つまり、今の株式市場は実体経済と乖離して割高に評価されている

株式市場が割高かどうかを評価する指標で最も分かりやすいのはバフェット指数である。バフェット指数というのは、稀代の投資家であるウォーレン・バフェットが指し示した指数なのだが、「株式時価総額 ÷ 名目GDP × 100」で算出される数字だ。

バフェット指数は「株式時価総額と名目GDPは、本来であればだいたい一致する」という点を利用した指数である。要するに実体経済(名目GDP)に対して株価は高いのか安いのかを評価しているものだ。

そのため、100%を超えてくるようであれば「株価は実体経済よりも高く評価されているので下落しても不思議ではない」という考え方ができるし、実体経済よりも株価が低いと「売られすぎ」という考え方もできる。

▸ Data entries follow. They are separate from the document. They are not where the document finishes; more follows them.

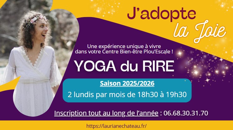 C'est la rentrée du Yoga du rire ! Au Centre Bien-être Plou'Escale, de septembre 2025 à juin 2026, retrouvons-nous deux lundis par mois, de 18h30 à 19h30, pour une parenthèse joyeuse, ressourçante et pleine d'énergie.
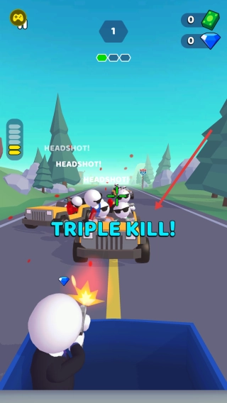 1、瞄准骑摩托/开车的敌人,点射攻击,优先打载具(如黄色车),触发“TRIPLE KILL”。
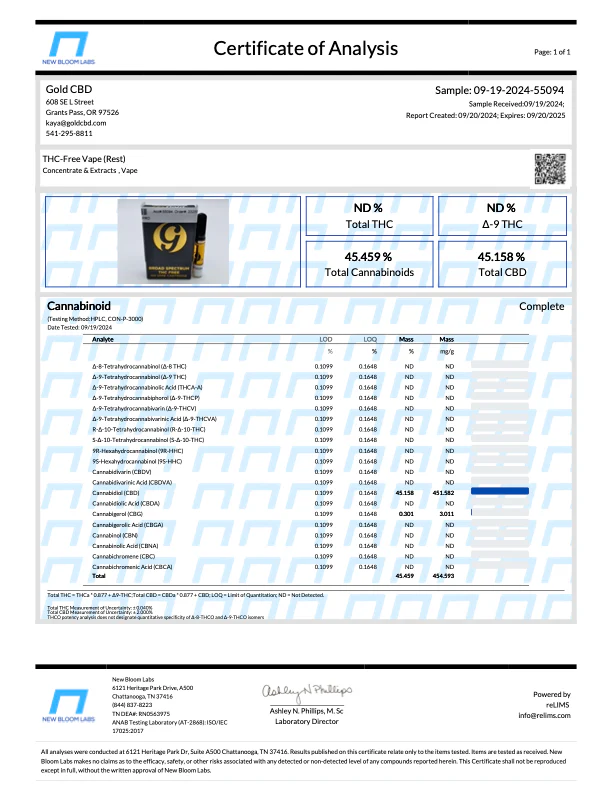 Ingredients: THC-free broad spectrum CBD distillate, MCT oil, and natural terpenes.
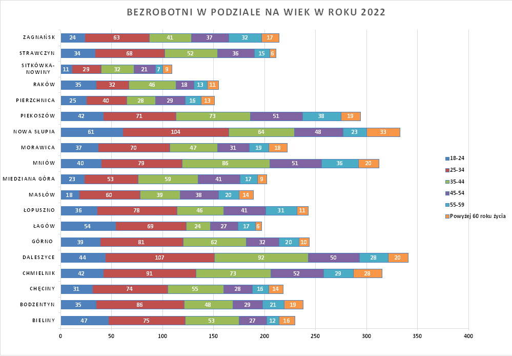 Statystyki - stan bezrobocia w gminach 2022 - Powiatowy Urząd Pracy w Kielcach
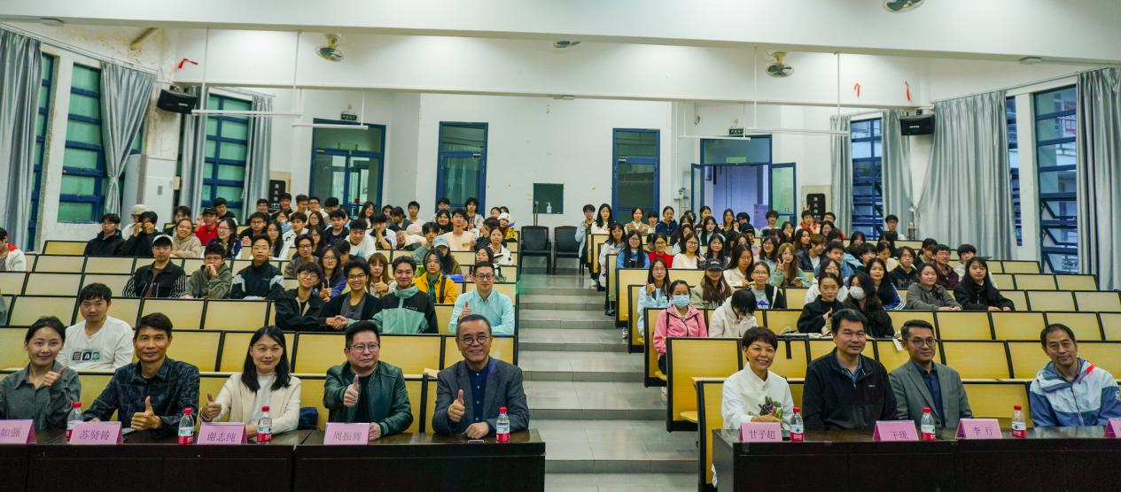 设计学院院长姚美康、党总支书记甘子超、副院长干珑、副书记李行、工业设计专业负责人顾宇清、全体辅导员和200名学生代表参加讲座。

今はどうなのか。今のバフェット指数は140%台にある。つまり、株価は実体経済よりも高いということが分かる。

さらにシラーPEレシオ(CAPEレシオ)というものもある。通常のPERは現在の株価を1株あたりの純利益で割って計算するのだが、シラーPERは現在の株価を「過去10年間の1株あたり純利益の平均値」で割る。それによって「長期的に見て現在の株価が割高か割安か」が分かる。

それを見ても、現在のアメリカの株式(S&P500)はシラーPEレシオで「ほぼ30ポイント」になっているので、やはり「割高」であると判断できる。15ポイントあたりがシラーPEレシオの心地良い数字ではあるが、30ポイントと言えば「ほぼ2倍」である。